Jordan is currently watching with great concern the talks taking place between the Biden administration and Saudi Arabia, with the prospect of a tripartite deal on the horizon.
This deal could lead to a normalization agreement between Saudi Arabia and Israel within the next six months.
High-ranking officials in Jordan are deeply concerned about the potential repercussions of such an agreement, which they believe could weaken Jordan’s regional and international standing.
As a response to these concerns, Jordan has made a strategic decision to strengthen its ties with the Palestinian Authority (PA) and draw closer to it.
Both Jordan and the Palestinians share a mutual interest in advancing the swift establishment of an independent Palestinian state in the territories of Judea, Samaria, and the Gaza Strip.
Jordan aims to remove any discussions suggesting that “Jordan is Palestine” and advocate for a solution to the Palestinian problem that involves a partnership between the Palestinians in Judea and Samaria and Jordan.
Currently, relations between Jordan and the right-wing government in Israel are strained, and Jordanians are anxious about the possibility that this government might seek to resurrect the idea that “Jordan is Palestine.”
Consequently, Jordan vehemently opposes any actions that could undermine the establishment of an independent Palestinian state.
In the absence of a two-state solution, the only alternative appears to be addressing the Palestinian problem at the expense of Jordan.
This prospect is a nightmare for the Hashemite royal house.
Jordanians fear that Saudi Arabia’s efforts to appear as a leader in the political struggle for a Palestinian state may be superficial.
They do not take Saudi Arabia’s recent appointment of an ambassador to the PA, who also serves as the consul general in Jerusalem, and the statements by Saudi Foreign Minister Faisal Ben Farhan regarding the necessity of an independent Palestinian state, seriously.
According to sources within the Jordanian royal house, these actions by Saudi Arabia may merely be “lip service,” and the Saudis could eventually inform the Palestinians that they have explored all possible avenues.
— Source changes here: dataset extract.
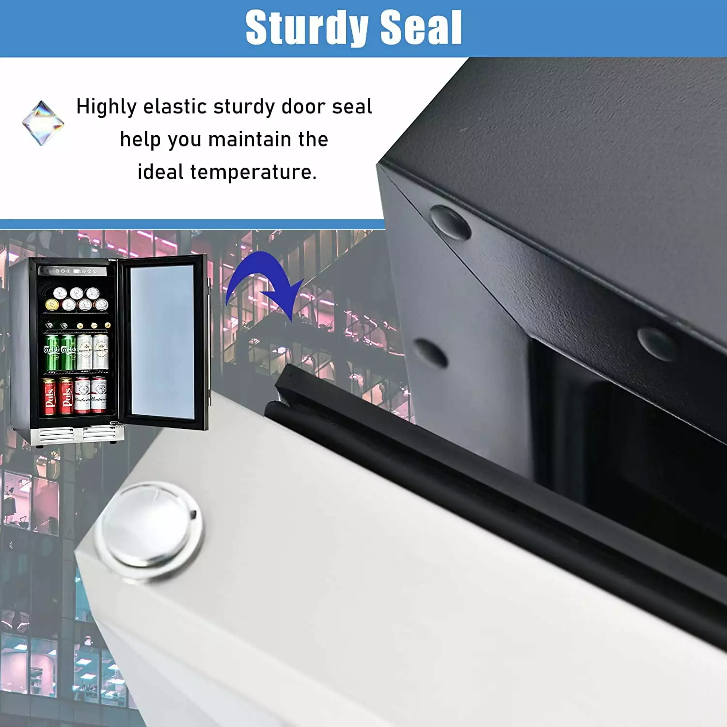 - Durable material & stylish appearance — A stainless steel framed door with double tempered glass can stably maintain the internal temperature and prevent the glass from fogging. The door can be assembled left or right. And the door will automatically lock when you close-soft-close door features with magnetic seals.

Due to Israel’s strong opposition to a Palestinian state and Saudi Arabia’s concerns about Iran, they might argue that they need to protect their own interests by signing a normalization agreement with Israel.
Jordan also fears that if a normalization agreement is indeed reached between Saudi Arabia and Israel, it could lead to Saudi Arabia pressing for increased access to the Al-Aqsa Mosque over time.
Under the peace agreement between Jordan and Israel from 1994, Jordan holds a unique status on the Temple Mount and in Jerusalem, designated as the guardian of the holy sites.
In summary, Jordan is deeply worried that a normalization agreement between Saudi Arabia and Israel could significantly diminish its ability to shape the resolution of the Palestinian problem and potentially even lead to the collapse of the Palestinian Authority.